For a complete list of arguments accepted by the mean_evaluator function, refer to the extended_summary option in the ODMetrics.compute() method.

IoU

The calculation of mAP and mAR relies on IoU (Intersection over Union). You can use the standalone iou function from OD-Metrics.

iou_example
from od_metrics import iou

y_true = [[25, 16, 38, 56], [129, 123, 41, 62]]
y_pred = [[25, 27, 37, 54], [119, 111, 40, 67], [124, 9, 49, 67]]
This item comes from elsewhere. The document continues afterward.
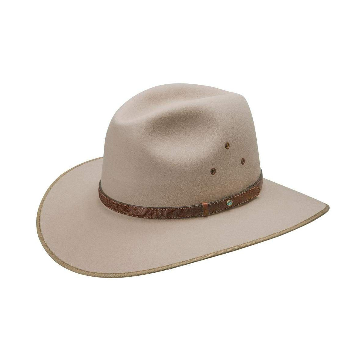 The pre-creased crown is 4 inches high at the front, 4-1/2 inches on the sides, its eyelets are fully lined. The rabbit felt is pure rabbit fur; the Akubra quality type is: Imperial Akubra.
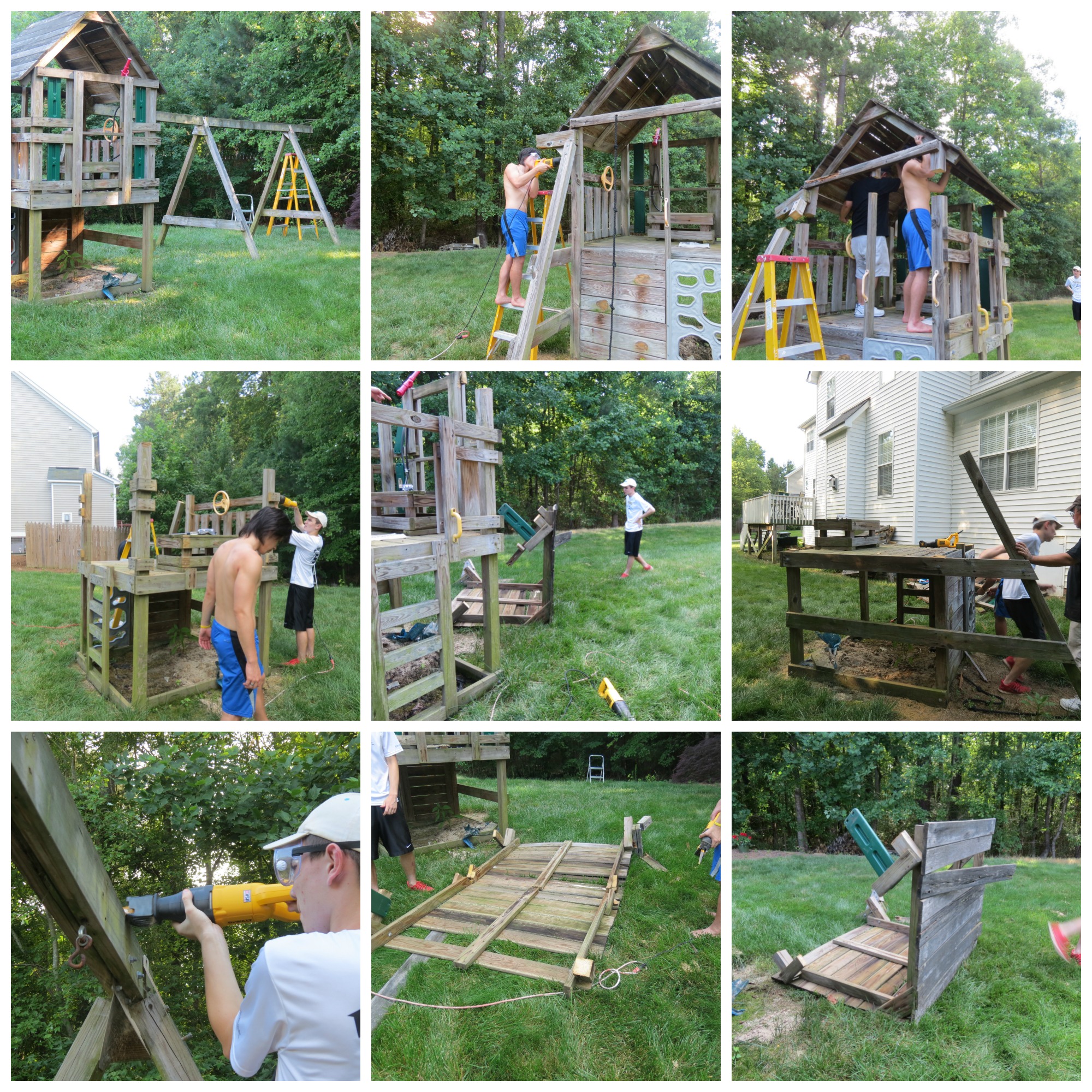 Our present swing set was weathered and deteriorating. The swings were breaking away from the chains, the bench swing was in such bad shape, the wood on the seat was painful to sit on. The slide had broken in half a few years ago so we had to remove it and board up the opening.

result = iou(y_true, y_pred, box_format="xywh")
print(result)
"""
array([[0.67655425, 0.        ],
       [0.        , 0.46192609],
       [0.        , 0.        ]])
"""
The iou function supports the iscrowd parameter from the COCOAPI. For more details, refer to the iscrowd section.

References


  1. Tsung-Yi Lin, Michael Maire, Serge Belongie, James Hays, Pietro Perona, Deva Ramanan, Piotr Dollár, and C Lawrence Zitnick. Microsoft coco: common objects in context. In Computer Vision–ECCV 2014: 13th European Conference, Zurich, Switzerland, September 6-12, 2014, Proceedings, Part V 13, 740–755. Springer, 2014.